THE TASK.
An exact transcription of the entries is required, with none of the pictures carried over.

·····

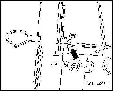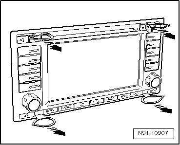 - Insert Radio Removal Tool (T10057) into release openings - arrows - until they engage.
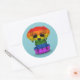 Pegatina Redonda Perro cachorro del orgullo gay arcoiris, azul
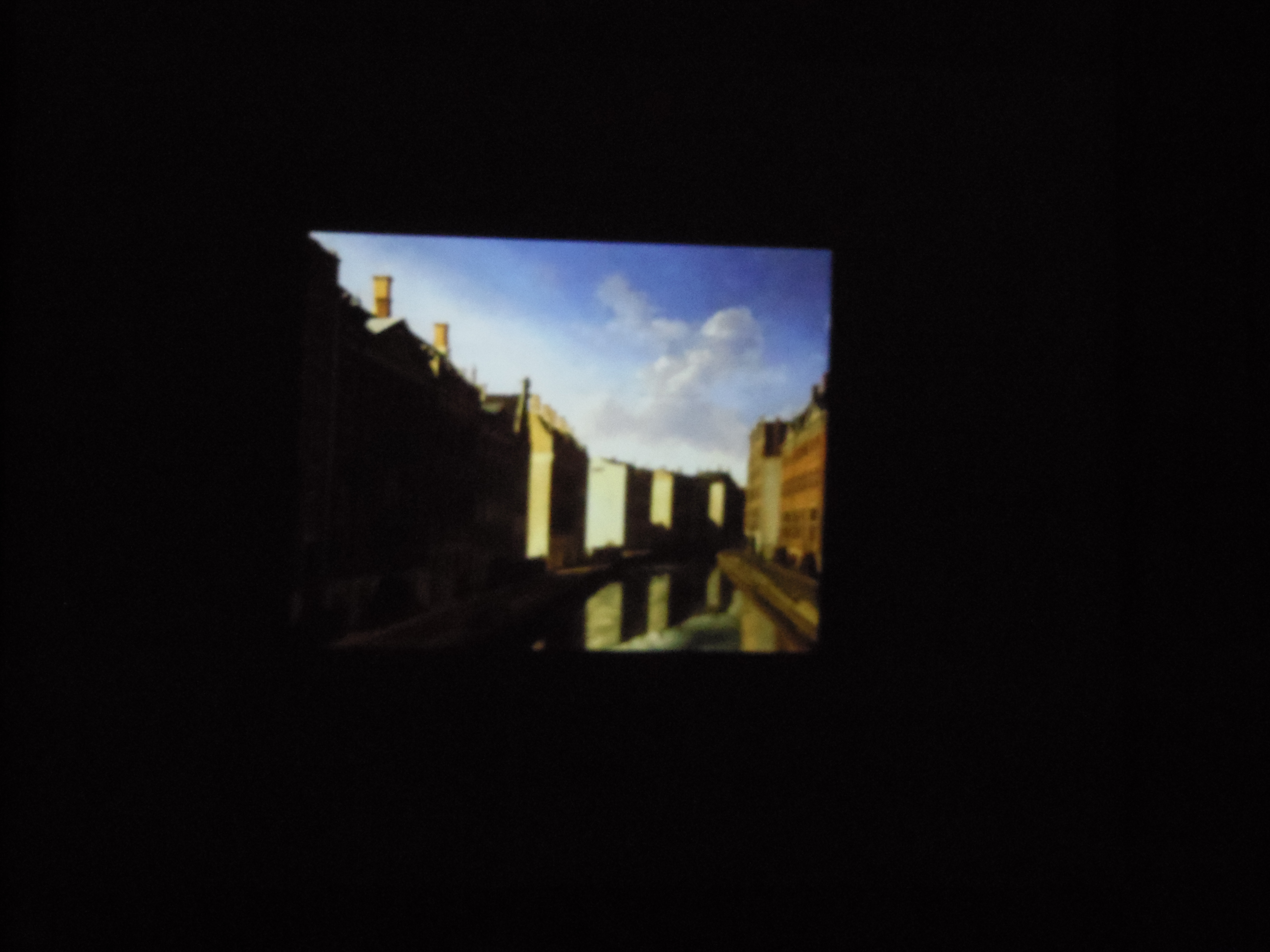 In het Goethe huis een projectie van een beroemd schilderij van de Gouden Bocht, met een uitgesproken verhandeling over projectbrochures, geldstromen en het opmerkelijke feit dat dit schilderij ineens in het nieuws kwam omdat het een rol speelde bij een van de eerste omgevallen banken.
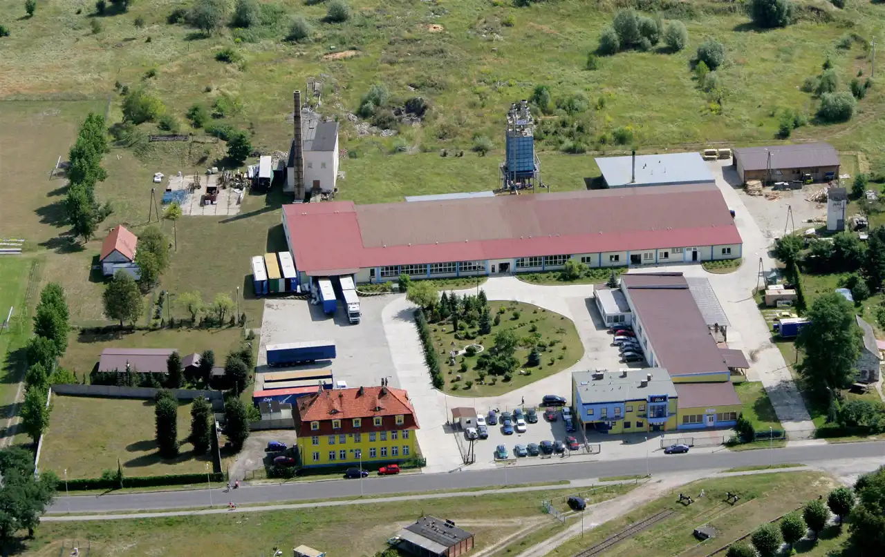 Konstrukcja: Budynek jednokondygnacyjny, bez podpiwniczenia, zwarty z obiektem biurowo - administracyjnym. Składa się z następujących części: biurowo-socjalnej, hali produkcyjnej nr 1, magazynu wyrobów gotowych, salonu wystawowego, magazynu głównego, kotłowni zasilającej obiekt nr 1. Budynek wykonany w technologii tradycyjnej. Pomieszczenia użytkowane zgodnie z przeznaczeniem. Przy hali dobudowano wiatę drewniana z dachem jednospadowym, pokrytym płyta poliwęglanową .Wolnostojąca, stacja transformatorowa wieżowa WST tp 20/400 rozdzielnia SN 15/0, 4kVz transformatorem 400KVA zasilająca
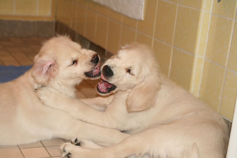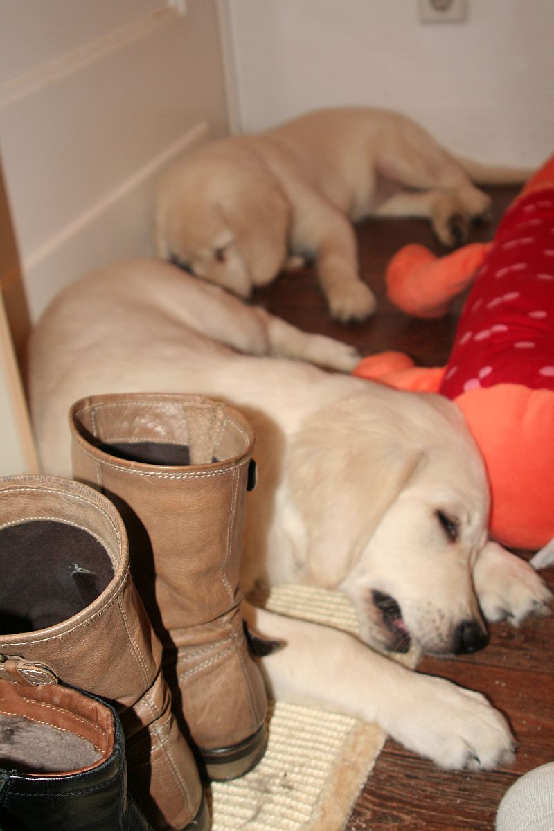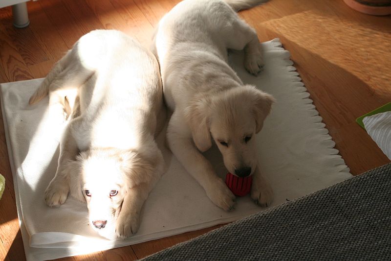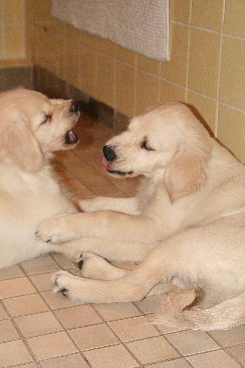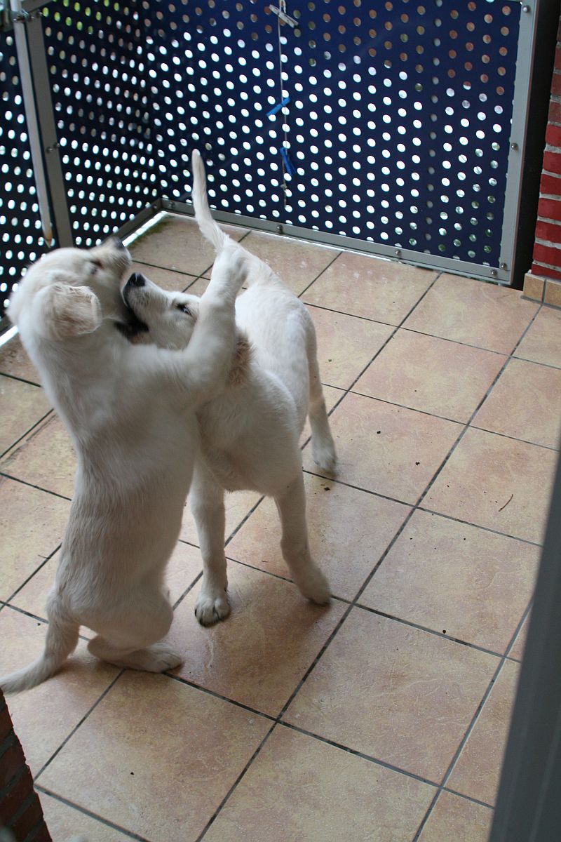 Frauchen erzählte mir gestern stolz, dass seit zwei Tagen das große Geschäfft nur draußen erledigt wird und sonat machen die beiden Geschwister unglaubliche Fortschritte im Puncto sauber werden- kaum geht etwas in der Wohnung daneben, was nicht sonst auf die Pischecke im Bad gehört- das so schnell in den Griff bekommen zu haben und dazu in einer Etagenwohnung- das ist bei zwei Welpen eine unglaubliche Leistung von den Besitzern, die zu Recht sehr stolz auf sich und ihre Lieblinge sein dürfen.
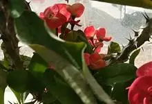 虎刺梅:别称铁海棠,是蔓生灌木植物。茎多分枝,长60-100厘米,直径5-10毫米,具纵棱,密生硬而尖的锥状刺,刺长1-1.5厘米,直径0.5-1.0 毫米,常呈3-5列排列于棱脊上,呈旋转。叶互生…全部>>
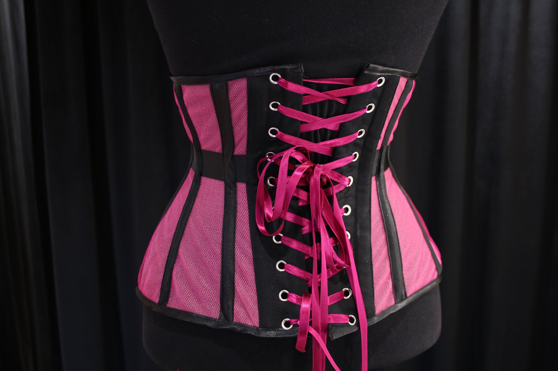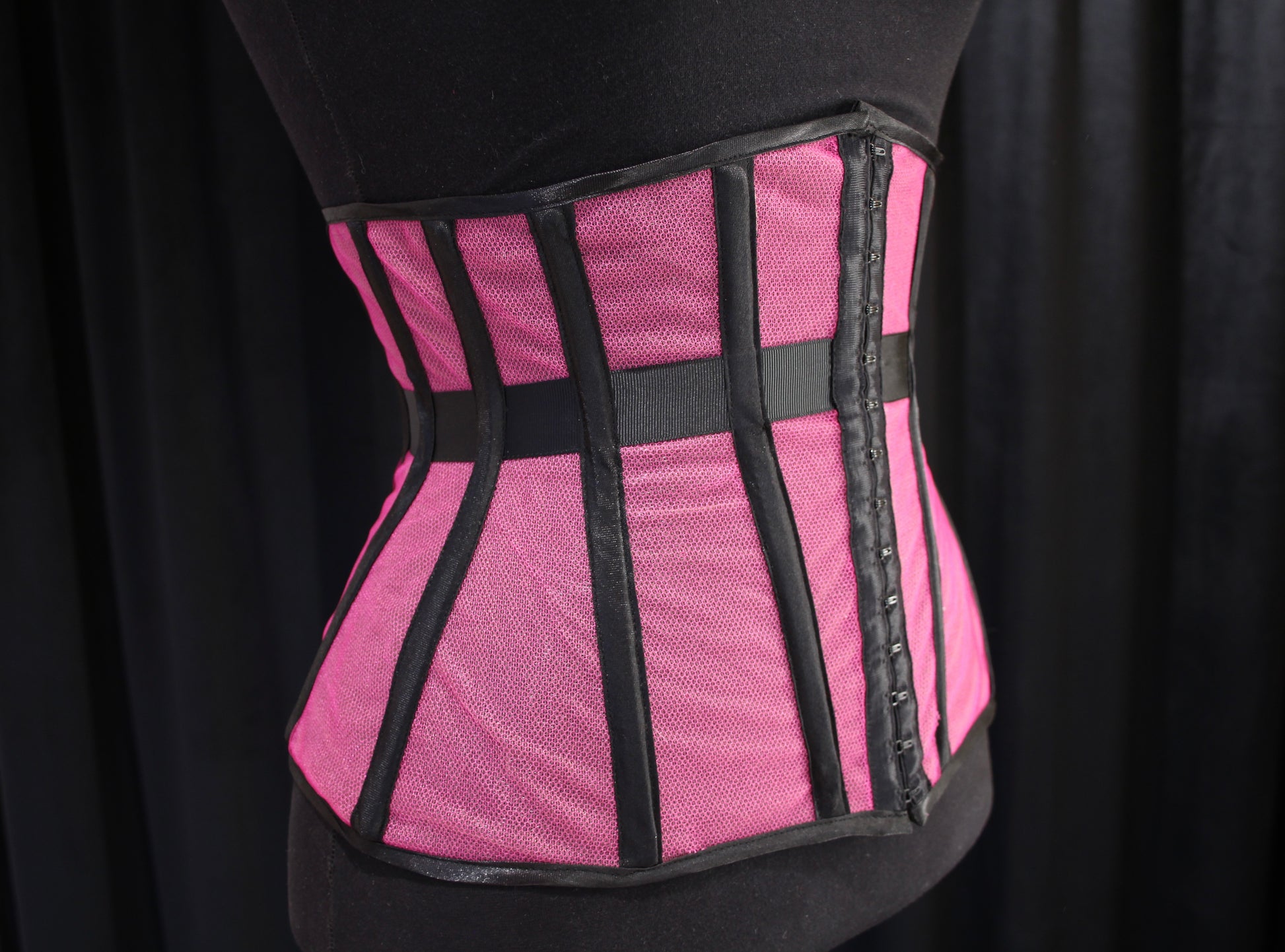 Läpikuultava tyllikorsetti. Pohjalla sileä beige kangas, pinkki kovempi tylli ja päällä pehmeä tyllikerros. Luut spiraalia. Edessä hakaskiinnitys.
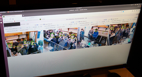 QBITの接客ロボットサービスで、エンタメ機能としてポイントとなるのは、顧客の動きや表情を読んで、その反応から接客に適した会話を学習していく点だ。ロボットの上部には左右4つのカメラが設置され、性別や年齢層など顧客の属性を解析する。
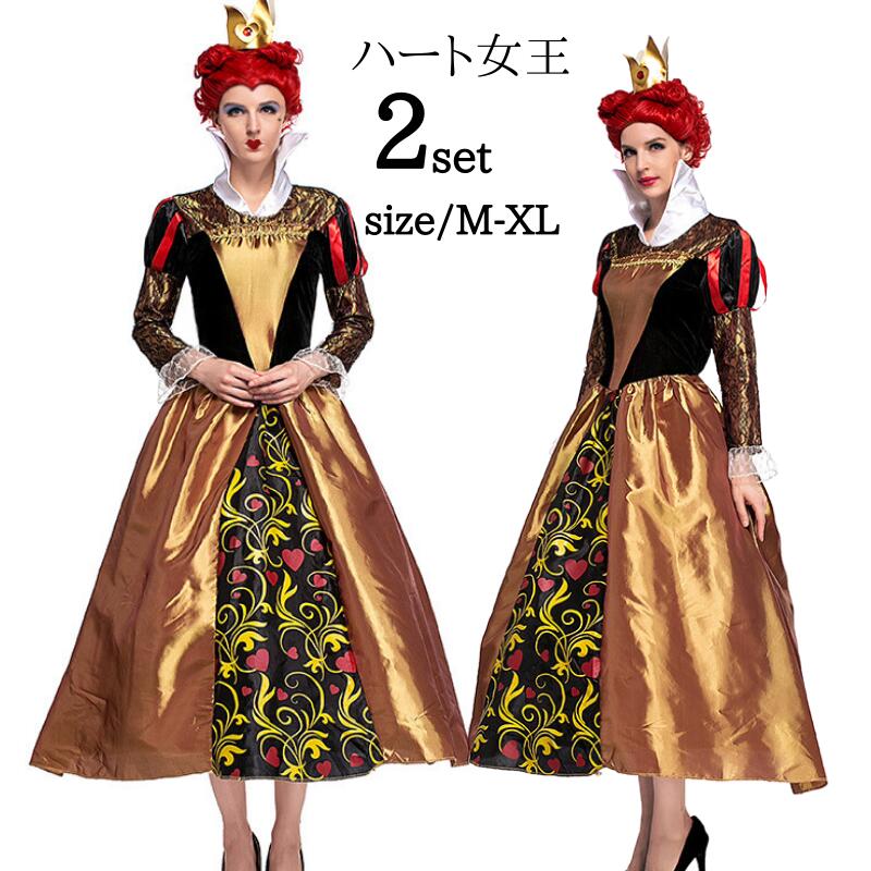 ハート女王 コスプレ 大人 ハートクイーン 女性 大人用 衣装 余興 仮装 メイド なりきりワンピース レディース 可愛い 変装 可愛いコスプレ かわいい クリスマス 定番 宴会
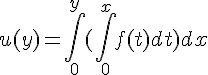 En fait je dois trouver u tel que u''(t)=f(t). Je crois comprendre ce que vous dites. Mais je ne vois pas d'où vient le t de x-t dans le résultat final. Je précise que je n'ai jamais vu les intégrales doubles en cours, là c'est pour mon cours d'informatique.
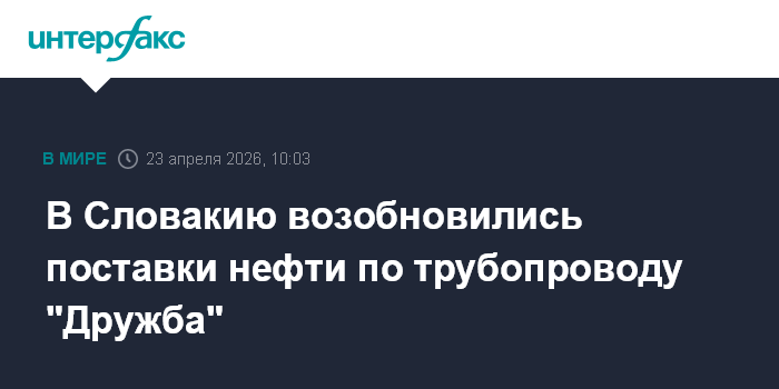Москва. 23 апреля. INTERFAX.RU - Словацкая сторона утром в четверг начала получать нефть по трубопроводу "Дружба", сообщают европейские СМИ со ссылкой на министерство экономики Словакии.

·····

RESULT OF THE EXERCISE.
 - Insert Radio Removal Tool (T10057) into release openings - arrows - until they engage.
 Pegatina Redonda Perro cachorro del orgullo gay arcoiris, azul
 In het Goethe huis een projectie van een beroemd schilderij van de Gouden Bocht, met een uitgesproken verhandeling over projectbrochures, geldstromen en het opmerkelijke feit dat dit schilderij ineens in het nieuws kwam omdat het een rol speelde bij een van de eerste omgevallen banken.
 Konstrukcja: Budynek jednokondygnacyjny, bez podpiwniczenia, zwarty z obiektem biurowo - administracyjnym. Składa się z następujących części: biurowo-socjalnej, hali produkcyjnej nr 1, magazynu wyrobów gotowych, salonu wystawowego, magazynu głównego, kotłowni zasilającej obiekt nr 1. Budynek wykonany w technologii tradycyjnej. Pomieszczenia użytkowane zgodnie z przeznaczeniem. Przy hali dobudowano wiatę drewniana z dachem jednospadowym, pokrytym płyta poliwęglanową .Wolnostojąca, stacja transformatorowa wieżowa WST tp 20/400 rozdzielnia SN 15/0, 4kVz transformatorem 400KVA zasilająca
 Frauchen erzählte mir gestern stolz, dass seit zwei Tagen das große Geschäfft nur draußen erledigt wird und sonat machen die beiden Geschwister unglaubliche Fortschritte im Puncto sauber werden- kaum geht etwas in der Wohnung daneben, was nicht sonst auf die Pischecke im Bad gehört- das so schnell in den Griff bekommen zu haben und dazu in einer Etagenwohnung- das ist bei zwei Welpen eine unglaubliche Leistung von den Besitzern, die zu Recht sehr stolz auf sich und ihre Lieblinge sein dürfen.
 虎刺梅:别称铁海棠,是蔓生灌木植物。茎多分枝,长60-100厘米,直径5-10毫米,具纵棱,密生硬而尖的锥状刺,刺长1-1.5厘米,直径0.5-1.0 毫米,常呈3-5列排列于棱脊上,呈旋转。叶互生…全部>>
 Läpikuultava tyllikorsetti. Pohjalla sileä beige kangas, pinkki kovempi tylli ja päällä pehmeä tyllikerros. Luut spiraalia. Edessä hakaskiinnitys.
 QBITの接客ロボットサービスで、エンタメ機能としてポイントとなるのは、顧客の動きや表情を読んで、その反応から接客に適した会話を学習していく点だ。ロボットの上部には左右4つのカメラが設置され、性別や年齢層など顧客の属性を解析する。
 ハート女王 コスプレ 大人 ハートクイーン 女性 大人用 衣装 余興 仮装 メイド なりきりワンピース レディース 可愛い 変装 可愛いコスプレ かわいい クリスマス 定番 宴会
 En fait je dois trouver u tel que u''(t)=f(t). Je crois comprendre ce que vous dites. Mais je ne vois pas d'où vient le t de x-t dans le résultat final. Je précise que je n'ai jamais vu les intégrales doubles en cours, là c'est pour mon cours d'informatique.
Москва. 23 апреля. INTERFAX.RU - Словацкая сторона утром в четверг начала получать нефть по трубопроводу "Дружба", сообщают европейские СМИ со ссылкой на министерство экономики Словакии.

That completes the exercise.